> **Task requirements**:
Set down a faithful copy of every record below, with no images.

>>>>

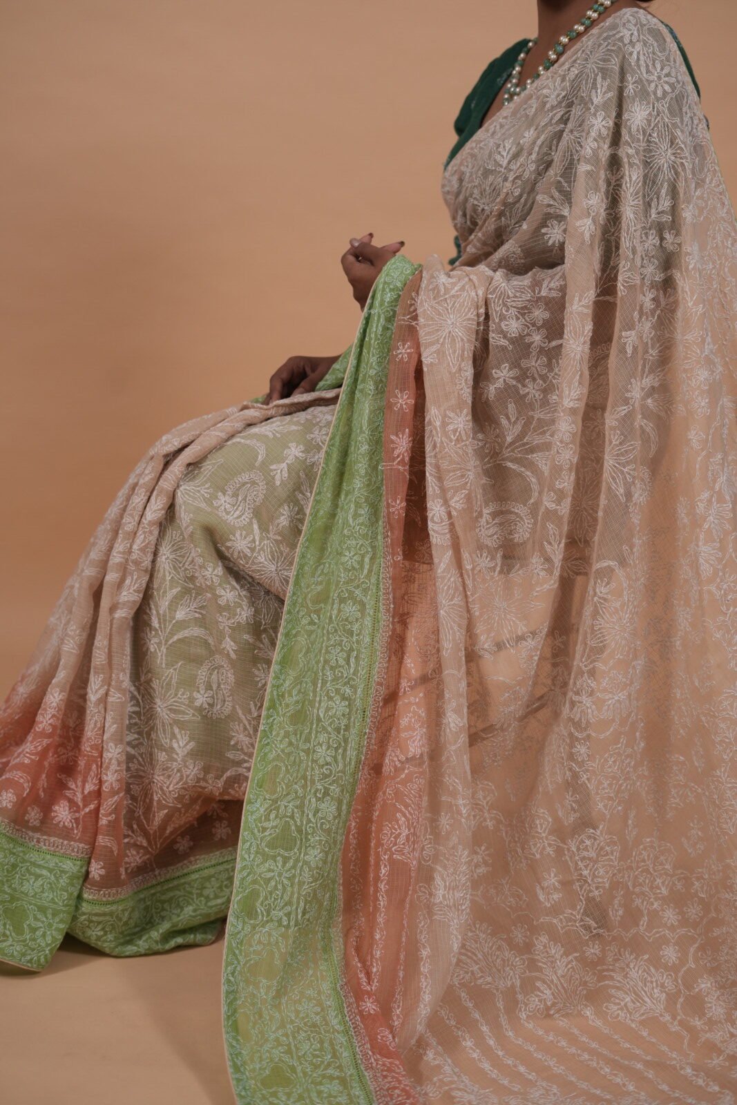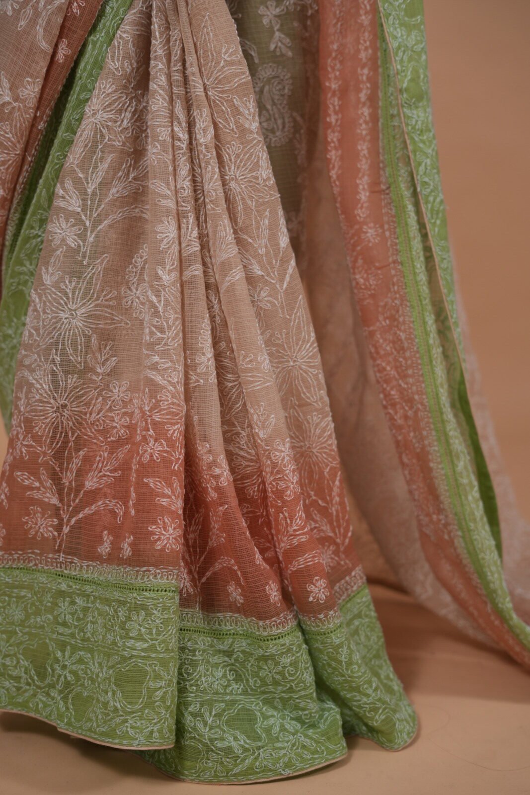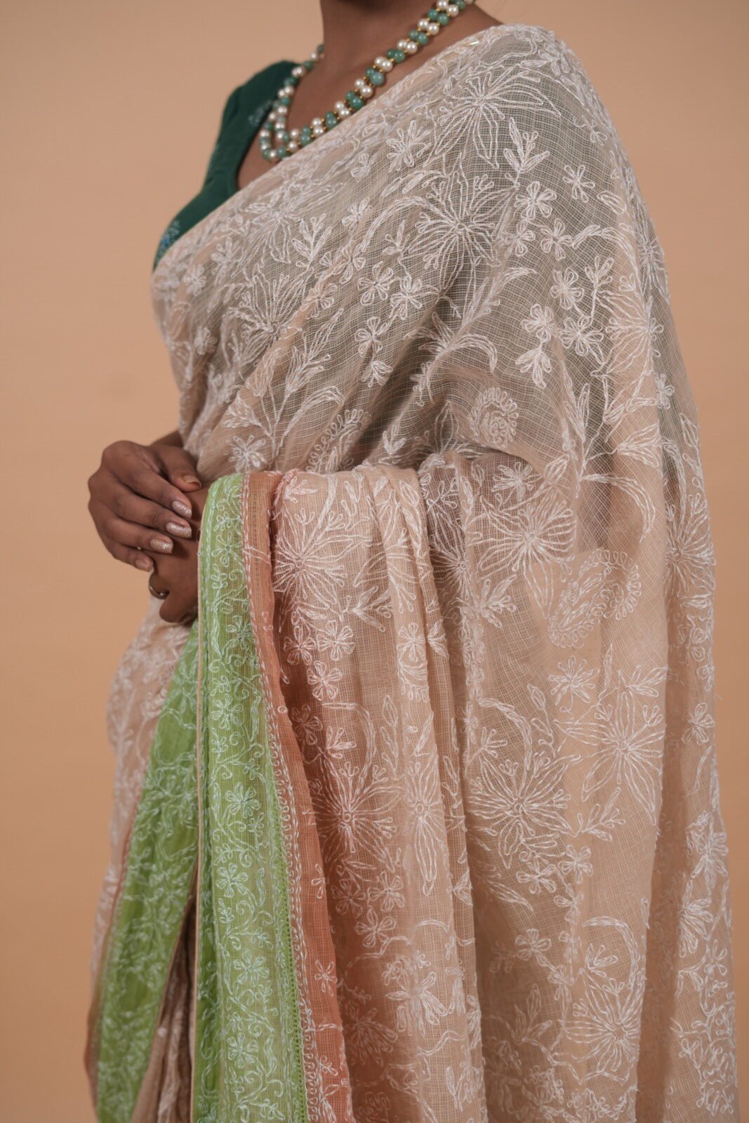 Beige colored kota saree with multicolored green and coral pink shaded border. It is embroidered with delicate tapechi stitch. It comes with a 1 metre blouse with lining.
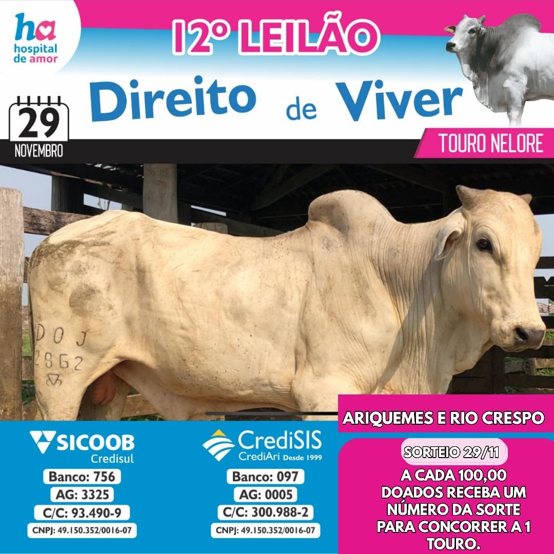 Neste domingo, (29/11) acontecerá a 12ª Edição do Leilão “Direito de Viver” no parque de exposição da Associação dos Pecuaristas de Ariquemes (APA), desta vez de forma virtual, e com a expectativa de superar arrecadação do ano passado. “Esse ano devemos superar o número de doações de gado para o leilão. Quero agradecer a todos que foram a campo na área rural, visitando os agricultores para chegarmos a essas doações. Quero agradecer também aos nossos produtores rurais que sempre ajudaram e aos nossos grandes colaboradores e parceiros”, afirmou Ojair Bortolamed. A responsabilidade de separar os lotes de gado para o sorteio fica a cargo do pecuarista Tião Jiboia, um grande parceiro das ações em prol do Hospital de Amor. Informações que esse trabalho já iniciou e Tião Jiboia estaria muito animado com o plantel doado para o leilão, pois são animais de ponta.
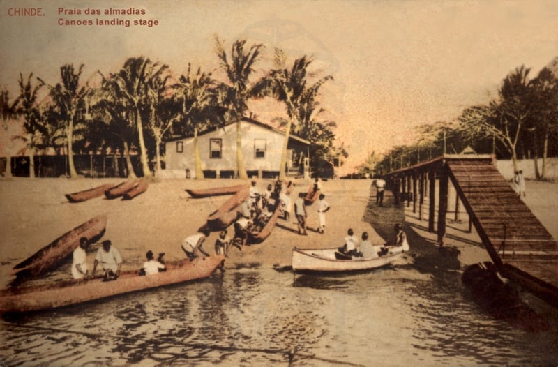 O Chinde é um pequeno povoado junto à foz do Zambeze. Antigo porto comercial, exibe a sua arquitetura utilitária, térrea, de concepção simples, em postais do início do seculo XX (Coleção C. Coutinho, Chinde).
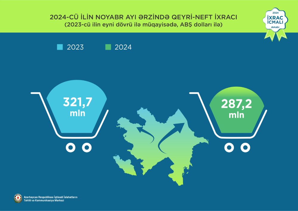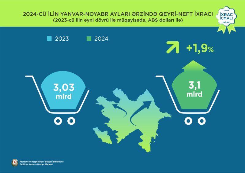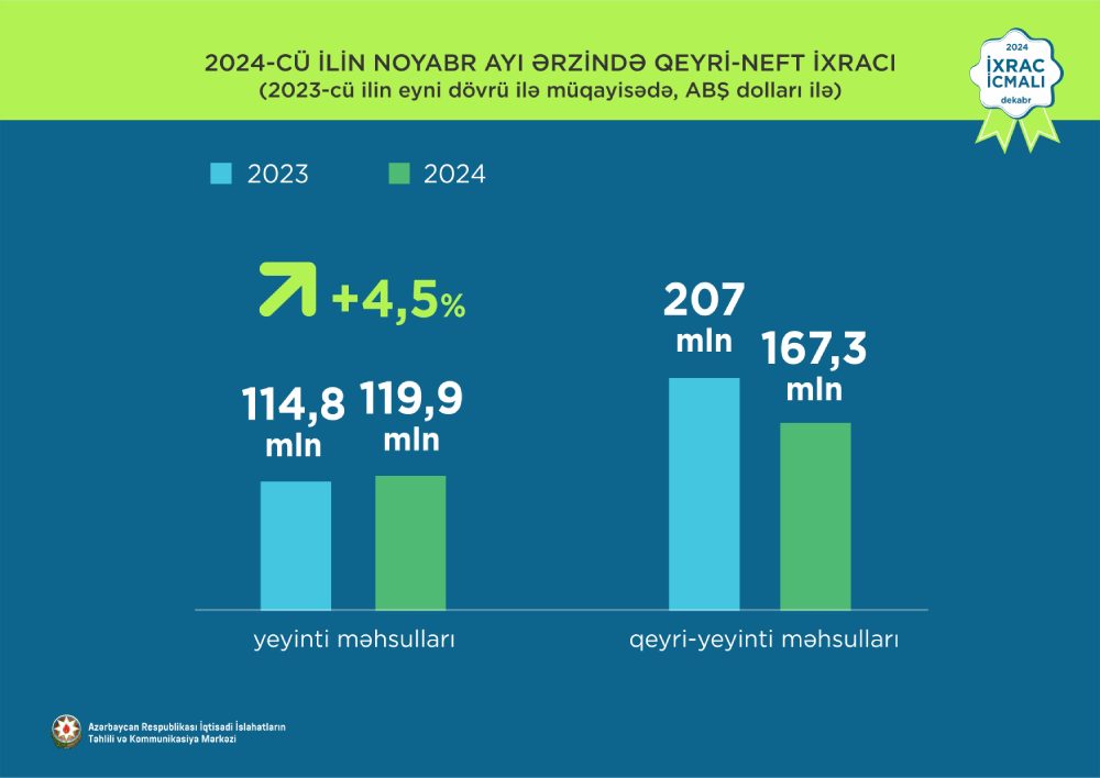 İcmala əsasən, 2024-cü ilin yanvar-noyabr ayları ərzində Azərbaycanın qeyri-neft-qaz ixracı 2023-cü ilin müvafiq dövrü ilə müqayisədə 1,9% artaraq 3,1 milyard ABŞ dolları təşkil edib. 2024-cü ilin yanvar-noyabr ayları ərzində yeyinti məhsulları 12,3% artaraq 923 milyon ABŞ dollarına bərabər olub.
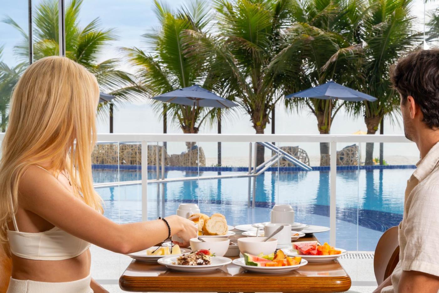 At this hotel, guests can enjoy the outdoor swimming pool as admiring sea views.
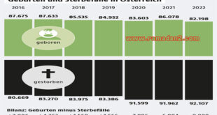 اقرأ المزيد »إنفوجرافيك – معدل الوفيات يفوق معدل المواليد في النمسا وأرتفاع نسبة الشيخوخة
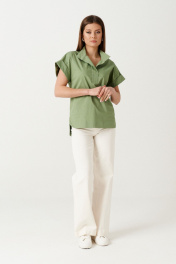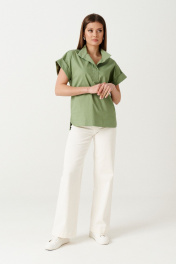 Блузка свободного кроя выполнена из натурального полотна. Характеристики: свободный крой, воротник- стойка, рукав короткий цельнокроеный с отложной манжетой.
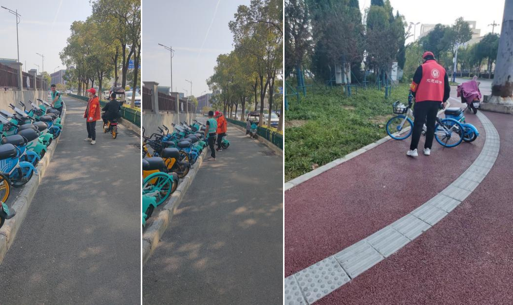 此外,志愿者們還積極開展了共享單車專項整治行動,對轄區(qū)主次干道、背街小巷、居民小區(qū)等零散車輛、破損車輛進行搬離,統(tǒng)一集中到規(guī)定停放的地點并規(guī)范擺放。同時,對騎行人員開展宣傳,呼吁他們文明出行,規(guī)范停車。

<<<<

> **Solution to this exercise**:
 Beige colored kota saree with multicolored green and coral pink shaded border. It is embroidered with delicate tapechi stitch. It comes with a 1 metre blouse with lining.
 Neste domingo, (29/11) acontecerá a 12ª Edição do Leilão “Direito de Viver” no parque de exposição da Associação dos Pecuaristas de Ariquemes (APA), desta vez de forma virtual, e com a expectativa de superar arrecadação do ano passado. “Esse ano devemos superar o número de doações de gado para o leilão. Quero agradecer a todos que foram a campo na área rural, visitando os agricultores para chegarmos a essas doações. Quero agradecer também aos nossos produtores rurais que sempre ajudaram e aos nossos grandes colaboradores e parceiros”, afirmou Ojair Bortolamed. A responsabilidade de separar os lotes de gado para o sorteio fica a cargo do pecuarista Tião Jiboia, um grande parceiro das ações em prol do Hospital de Amor. Informações que esse trabalho já iniciou e Tião Jiboia estaria muito animado com o plantel doado para o leilão, pois são animais de ponta.
 O Chinde é um pequeno povoado junto à foz do Zambeze. Antigo porto comercial, exibe a sua arquitetura utilitária, térrea, de concepção simples, em postais do início do seculo XX (Coleção C. Coutinho, Chinde).
 İcmala əsasən, 2024-cü ilin yanvar-noyabr ayları ərzində Azərbaycanın qeyri-neft-qaz ixracı 2023-cü ilin müvafiq dövrü ilə müqayisədə 1,9% artaraq 3,1 milyard ABŞ dolları təşkil edib. 2024-cü ilin yanvar-noyabr ayları ərzində yeyinti məhsulları 12,3% artaraq 923 milyon ABŞ dollarına bərabər olub.
 At this hotel, guests can enjoy the outdoor swimming pool as admiring sea views.
 اقرأ المزيد »إنفوجرافيك – معدل الوفيات يفوق معدل المواليد في النمسا وأرتفاع نسبة الشيخوخة
 Блузка свободного кроя выполнена из натурального полотна. Характеристики: свободный крой, воротник- стойка, рукав короткий цельнокроеный с отложной манжетой.
 此外,志愿者們還積極開展了共享單車專項整治行動,對轄區(qū)主次干道、背街小巷、居民小區(qū)等零散車輛、破損車輛進行搬離,統(tǒng)一集中到規(guī)定停放的地點并規(guī)范擺放。同時,對騎行人員開展宣傳,呼吁他們文明出行,規(guī)范停車。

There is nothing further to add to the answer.